▸ **THE TASK**
The lines wanted run from the first one below through the one with "Alliant élégance et". Return them exactly.

[Stored items]

[Start of section]

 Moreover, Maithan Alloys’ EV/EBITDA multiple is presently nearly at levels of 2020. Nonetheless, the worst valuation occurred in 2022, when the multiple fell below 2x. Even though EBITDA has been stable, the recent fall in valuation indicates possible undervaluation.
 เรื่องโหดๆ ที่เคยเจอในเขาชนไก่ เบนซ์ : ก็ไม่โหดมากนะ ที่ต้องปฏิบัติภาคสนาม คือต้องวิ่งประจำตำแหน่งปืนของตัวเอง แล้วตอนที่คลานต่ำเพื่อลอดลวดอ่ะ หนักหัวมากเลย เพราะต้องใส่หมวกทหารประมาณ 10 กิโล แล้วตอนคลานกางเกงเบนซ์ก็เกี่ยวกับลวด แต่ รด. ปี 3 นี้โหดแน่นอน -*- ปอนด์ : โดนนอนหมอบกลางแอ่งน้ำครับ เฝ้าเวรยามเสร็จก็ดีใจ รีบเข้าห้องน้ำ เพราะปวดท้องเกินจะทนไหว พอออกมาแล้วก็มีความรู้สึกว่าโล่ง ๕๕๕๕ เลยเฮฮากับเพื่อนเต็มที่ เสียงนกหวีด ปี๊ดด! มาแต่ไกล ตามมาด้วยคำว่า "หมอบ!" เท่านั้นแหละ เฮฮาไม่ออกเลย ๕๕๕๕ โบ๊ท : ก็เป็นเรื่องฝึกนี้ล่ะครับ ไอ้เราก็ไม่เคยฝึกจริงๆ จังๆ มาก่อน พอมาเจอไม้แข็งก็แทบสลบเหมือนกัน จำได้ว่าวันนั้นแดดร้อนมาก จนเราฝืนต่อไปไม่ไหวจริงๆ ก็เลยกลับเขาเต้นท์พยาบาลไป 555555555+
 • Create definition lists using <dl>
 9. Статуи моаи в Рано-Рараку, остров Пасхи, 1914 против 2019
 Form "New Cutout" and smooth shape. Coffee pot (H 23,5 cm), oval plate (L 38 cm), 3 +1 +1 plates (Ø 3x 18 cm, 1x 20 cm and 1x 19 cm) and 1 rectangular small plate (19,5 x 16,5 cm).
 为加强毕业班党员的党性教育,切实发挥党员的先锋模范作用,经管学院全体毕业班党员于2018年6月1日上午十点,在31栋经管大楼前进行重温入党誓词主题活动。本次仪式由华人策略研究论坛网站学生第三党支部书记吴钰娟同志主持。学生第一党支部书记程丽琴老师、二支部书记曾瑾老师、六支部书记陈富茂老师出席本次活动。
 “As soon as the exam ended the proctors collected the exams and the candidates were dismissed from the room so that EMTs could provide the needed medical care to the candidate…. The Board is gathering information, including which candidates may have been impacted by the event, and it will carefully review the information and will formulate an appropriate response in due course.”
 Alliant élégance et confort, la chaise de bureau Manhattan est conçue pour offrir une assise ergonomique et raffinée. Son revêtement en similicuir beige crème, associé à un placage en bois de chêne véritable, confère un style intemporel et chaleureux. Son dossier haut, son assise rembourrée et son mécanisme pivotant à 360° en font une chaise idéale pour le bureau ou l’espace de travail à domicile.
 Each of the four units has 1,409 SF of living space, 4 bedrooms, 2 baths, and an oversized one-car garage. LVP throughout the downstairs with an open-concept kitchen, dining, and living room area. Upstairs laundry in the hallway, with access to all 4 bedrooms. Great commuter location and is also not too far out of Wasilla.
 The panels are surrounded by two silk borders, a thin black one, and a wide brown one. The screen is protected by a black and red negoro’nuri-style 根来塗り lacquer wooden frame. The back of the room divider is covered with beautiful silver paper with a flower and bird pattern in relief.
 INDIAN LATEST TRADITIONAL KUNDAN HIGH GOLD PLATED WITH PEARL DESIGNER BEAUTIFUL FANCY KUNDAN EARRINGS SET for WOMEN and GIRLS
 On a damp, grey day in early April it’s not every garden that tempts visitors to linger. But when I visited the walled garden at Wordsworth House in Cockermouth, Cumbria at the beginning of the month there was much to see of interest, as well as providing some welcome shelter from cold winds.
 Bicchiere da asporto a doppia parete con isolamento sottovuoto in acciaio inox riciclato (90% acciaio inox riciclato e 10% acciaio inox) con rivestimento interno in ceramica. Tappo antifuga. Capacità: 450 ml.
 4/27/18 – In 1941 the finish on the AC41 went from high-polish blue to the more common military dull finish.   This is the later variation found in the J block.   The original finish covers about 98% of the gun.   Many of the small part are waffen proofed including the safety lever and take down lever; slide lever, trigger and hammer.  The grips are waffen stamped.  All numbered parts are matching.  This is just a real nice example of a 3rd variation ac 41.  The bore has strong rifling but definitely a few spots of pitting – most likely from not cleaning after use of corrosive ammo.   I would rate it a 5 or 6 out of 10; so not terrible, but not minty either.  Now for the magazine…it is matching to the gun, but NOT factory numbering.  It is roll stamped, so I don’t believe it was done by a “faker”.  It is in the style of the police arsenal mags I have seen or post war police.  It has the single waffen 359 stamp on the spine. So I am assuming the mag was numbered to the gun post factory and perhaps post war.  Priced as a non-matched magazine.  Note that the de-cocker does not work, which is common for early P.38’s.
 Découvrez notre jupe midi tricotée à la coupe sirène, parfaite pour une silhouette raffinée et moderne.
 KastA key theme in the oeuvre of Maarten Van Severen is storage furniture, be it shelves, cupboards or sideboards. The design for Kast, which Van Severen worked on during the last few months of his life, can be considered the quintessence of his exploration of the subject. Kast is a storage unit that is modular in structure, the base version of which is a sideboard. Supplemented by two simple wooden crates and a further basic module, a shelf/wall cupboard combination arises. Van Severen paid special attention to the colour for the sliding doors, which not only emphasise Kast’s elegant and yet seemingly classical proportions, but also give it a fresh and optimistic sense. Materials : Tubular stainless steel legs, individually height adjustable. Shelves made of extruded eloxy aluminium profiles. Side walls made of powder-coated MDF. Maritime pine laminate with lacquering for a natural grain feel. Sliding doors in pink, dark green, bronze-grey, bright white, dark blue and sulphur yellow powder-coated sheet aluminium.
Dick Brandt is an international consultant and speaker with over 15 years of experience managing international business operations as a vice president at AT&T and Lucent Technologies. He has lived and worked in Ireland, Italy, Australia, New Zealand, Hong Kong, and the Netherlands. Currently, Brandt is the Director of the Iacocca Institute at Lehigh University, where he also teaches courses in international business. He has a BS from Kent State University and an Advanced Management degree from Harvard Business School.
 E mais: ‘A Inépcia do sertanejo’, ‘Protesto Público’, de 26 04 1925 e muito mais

[End of section]

▸ **RESPONSE TO THE TASK**
 Moreover, Maithan Alloys’ EV/EBITDA multiple is presently nearly at levels of 2020. Nonetheless, the worst valuation occurred in 2022, when the multiple fell below 2x. Even though EBITDA has been stable, the recent fall in valuation indicates possible undervaluation.
 เรื่องโหดๆ ที่เคยเจอในเขาชนไก่ เบนซ์ : ก็ไม่โหดมากนะ ที่ต้องปฏิบัติภาคสนาม คือต้องวิ่งประจำตำแหน่งปืนของตัวเอง แล้วตอนที่คลานต่ำเพื่อลอดลวดอ่ะ หนักหัวมากเลย เพราะต้องใส่หมวกทหารประมาณ 10 กิโล แล้วตอนคลานกางเกงเบนซ์ก็เกี่ยวกับลวด แต่ รด. ปี 3 นี้โหดแน่นอน -*- ปอนด์ : โดนนอนหมอบกลางแอ่งน้ำครับ เฝ้าเวรยามเสร็จก็ดีใจ รีบเข้าห้องน้ำ เพราะปวดท้องเกินจะทนไหว พอออกมาแล้วก็มีความรู้สึกว่าโล่ง ๕๕๕๕ เลยเฮฮากับเพื่อนเต็มที่ เสียงนกหวีด ปี๊ดด! มาแต่ไกล ตามมาด้วยคำว่า "หมอบ!" เท่านั้นแหละ เฮฮาไม่ออกเลย ๕๕๕๕ โบ๊ท : ก็เป็นเรื่องฝึกนี้ล่ะครับ ไอ้เราก็ไม่เคยฝึกจริงๆ จังๆ มาก่อน พอมาเจอไม้แข็งก็แทบสลบเหมือนกัน จำได้ว่าวันนั้นแดดร้อนมาก จนเราฝืนต่อไปไม่ไหวจริงๆ ก็เลยกลับเขาเต้นท์พยาบาลไป 555555555+
 • Create definition lists using <dl>
 9. Статуи моаи в Рано-Рараку, остров Пасхи, 1914 против 2019
 Form "New Cutout" and smooth shape. Coffee pot (H 23,5 cm), oval plate (L 38 cm), 3 +1 +1 plates (Ø 3x 18 cm, 1x 20 cm and 1x 19 cm) and 1 rectangular small plate (19,5 x 16,5 cm).
 为加强毕业班党员的党性教育,切实发挥党员的先锋模范作用,经管学院全体毕业班党员于2018年6月1日上午十点,在31栋经管大楼前进行重温入党誓词主题活动。本次仪式由华人策略研究论坛网站学生第三党支部书记吴钰娟同志主持。学生第一党支部书记程丽琴老师、二支部书记曾瑾老师、六支部书记陈富茂老师出席本次活动。
 “As soon as the exam ended the proctors collected the exams and the candidates were dismissed from the room so that EMTs could provide the needed medical care to the candidate…. The Board is gathering information, including which candidates may have been impacted by the event, and it will carefully review the information and will formulate an appropriate response in due course.”
 Alliant élégance et confort, la chaise de bureau Manhattan est conçue pour offrir une assise ergonomique et raffinée. Son revêtement en similicuir beige crème, associé à un placage en bois de chêne véritable, confère un style intemporel et chaleureux. Son dossier haut, son assise rembourrée et son mécanisme pivotant à 360° en font une chaise idéale pour le bureau ou l’espace de travail à domicile.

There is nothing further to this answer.